2. Fully Supervised Detection

To verify the model’s generalization ability, the authors also conducted fully supervised experiments on the HICO-DET and V-COCO datasets. The results indicate that KI2HOI outperforms existing methods in both full and rare categories, with particularly outstanding performance in rare categories.

3. Robustness Analysis

The authors also investigated the model’s robustness under different data quantities. The results show that even when the training data is reduced to 25%, KI2HOI still significantly outperforms existing methods in rare categories, demonstrating its potential in practical applications.

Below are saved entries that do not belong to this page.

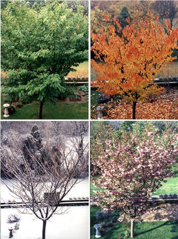 | A Cherry tree photographed during the 4 seasons . |
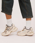 Scarpette in ecopelle e tela color beige chiaro con dettagli che sfumano tra marrone e kaki. Il plateau, alto circa 2-3 cm, garantisce comodità e una calzata equilibrata in ogni passo.
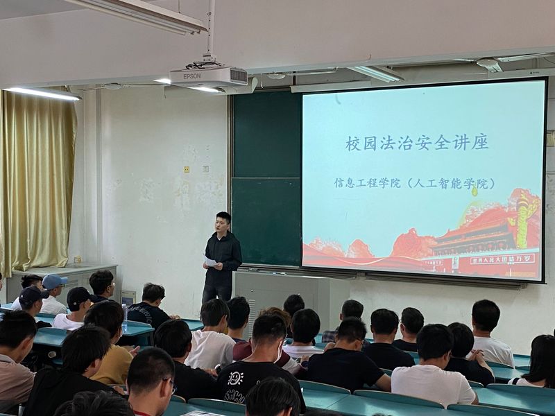 为提高我院学生的法律意识,大力弘扬法治精神,创建和谐校园,5月19日,信息工程学院开展主题为“与法同行”讲座,讲座由辅导员杜云豪主讲。
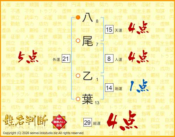 八尾乙葉さんの総運は29画の4点!
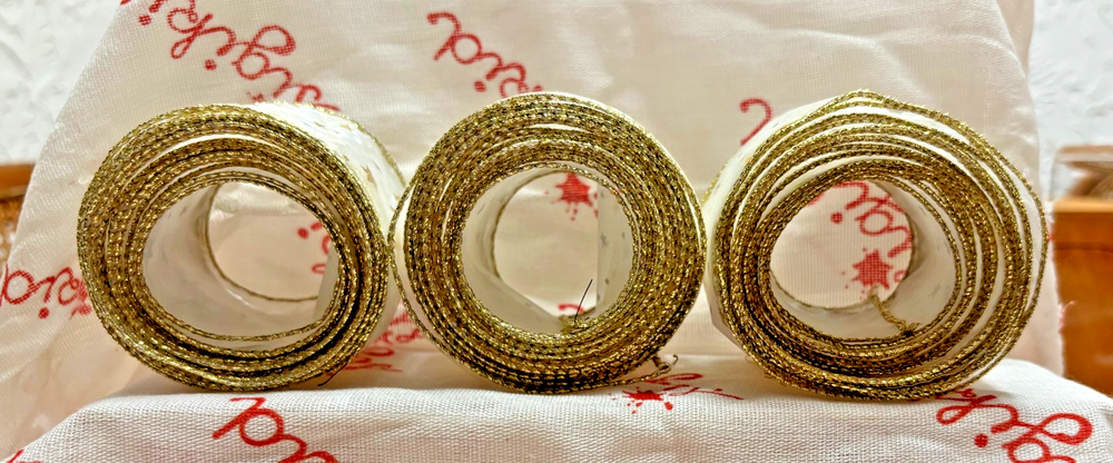 Christmas Wired Ribbon Garland Tree Trim . White Ribbon with Gold Stars & Gold Dots. The spool has never been opened and the other 3 may have been used. They appear unused? I do not ship outside of the USA. Thanks for looking. Please contact me with any questions. I ONLY MAIL IN THE UNITED STATES I ONLY ACCEPT PAYPAL - BE SURE YOUR ADDRESS IS CORRECT ****** ALL SALES ARE FINAL
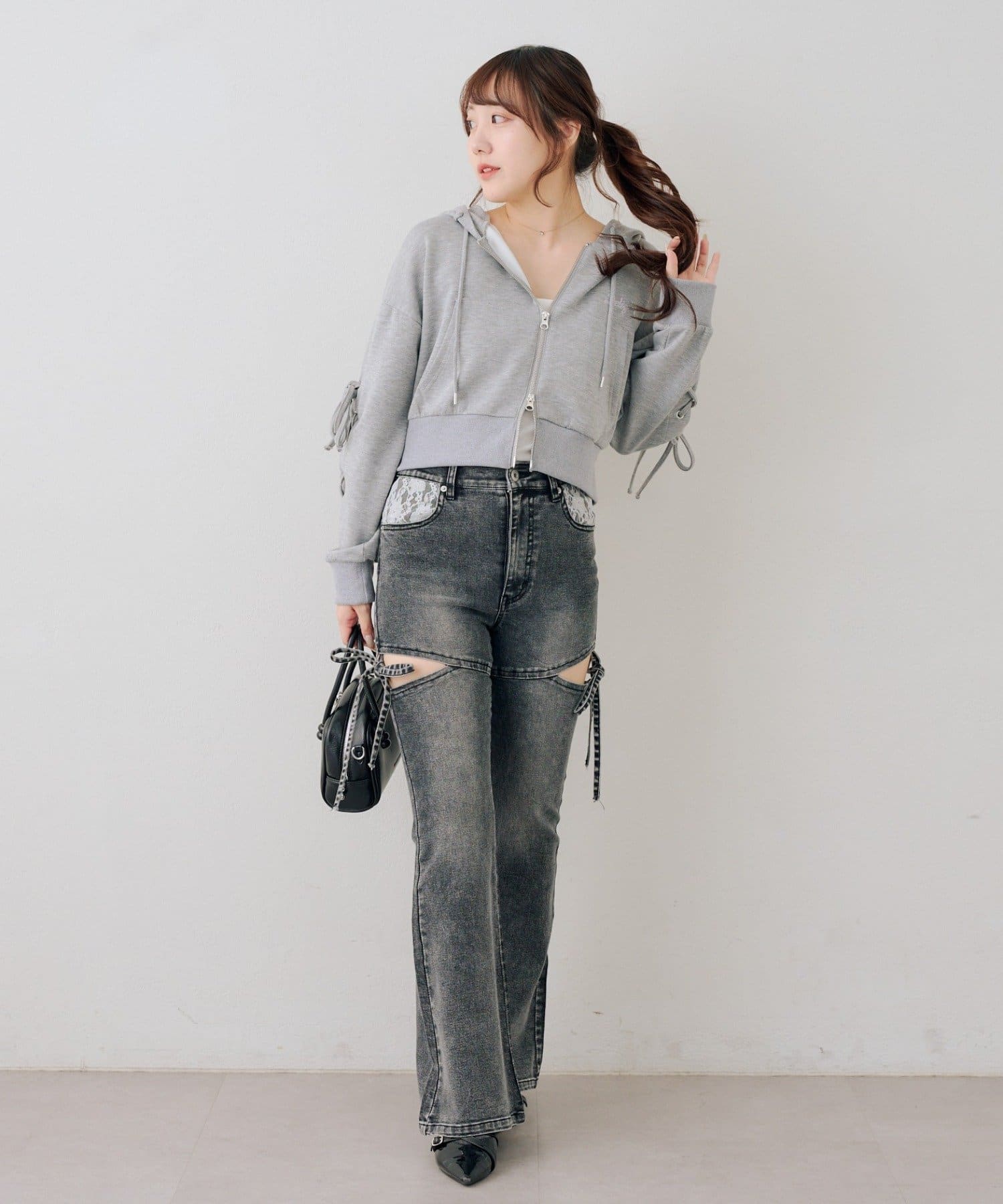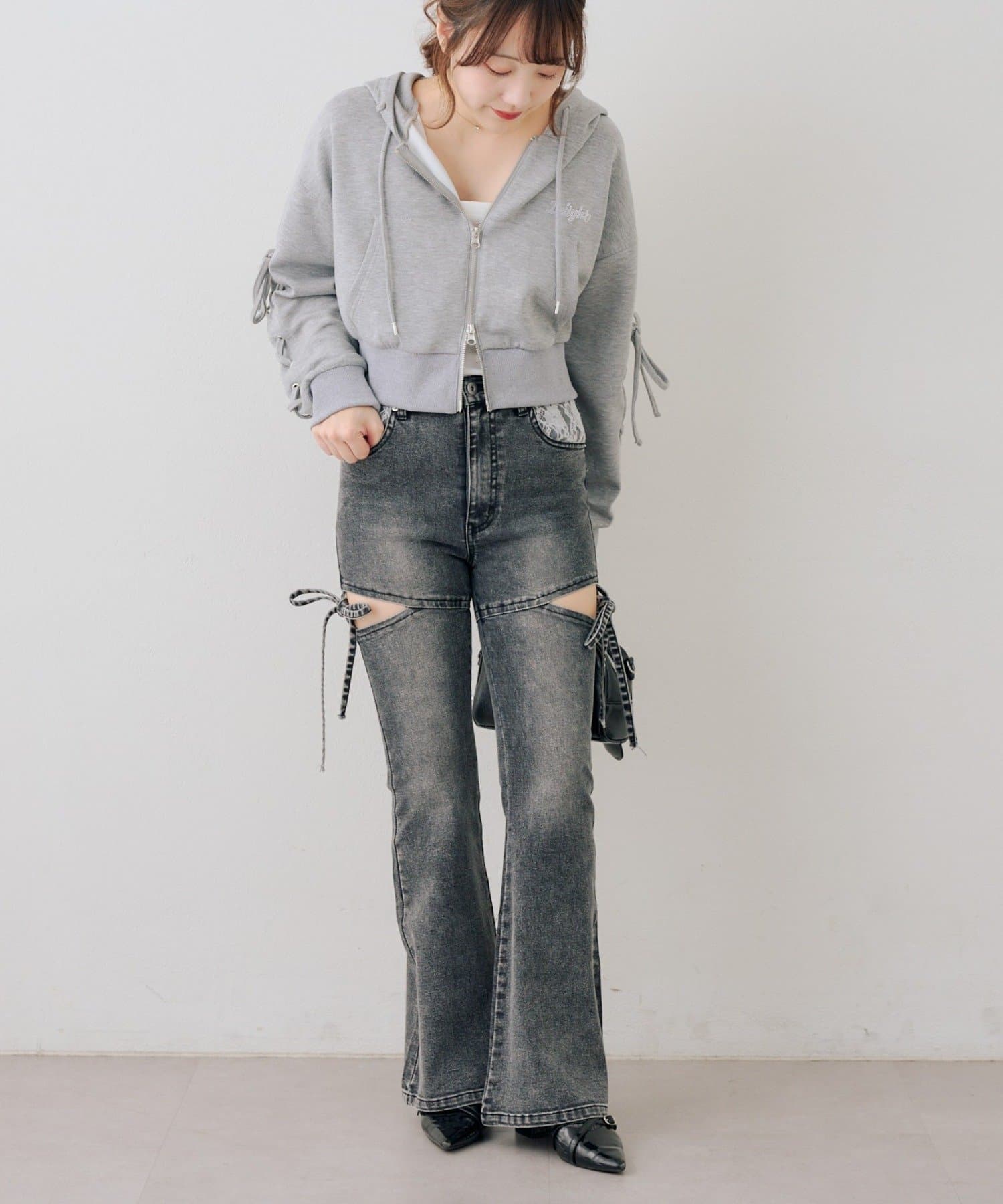 ・ショート丈のアイテムなので、ハイウエストのフレアパンツと相性抜群♡

Conclusion and Significance

The KI2HOI framework significantly improves the performance of zero-shot HOI detection by integrating knowledge from vision-language models. The framework not only performs well in zero-shot settings but also demonstrates strong generalization capabilities in fully supervised settings. Additionally, KI2HOI’s performance in rare categories is particularly notable, providing new insights for addressing the long-tail distribution problem in HOI detection.

Research Highlights

  1. Novel Framework Design: The KI2HOI framework significantly improves zero-shot HOI detection performance by integrating knowledge from vision-language models.
  2. Strong Generalization Capability: KI2HOI not only performs well in zero-shot settings but also demonstrates strong generalization capabilities in fully supervised settings.
  3. Robustness Analysis: Even with reduced training data, KI2HOI still significantly outperforms existing methods in rare categories, demonstrating its potential in practical applications.

Other Valuable Information

This paper provides a new research direction for the field of HOI detection, particularly in the exploration of zero-shot learning and long-tail distribution problems, offering significant academic value and practical application significance.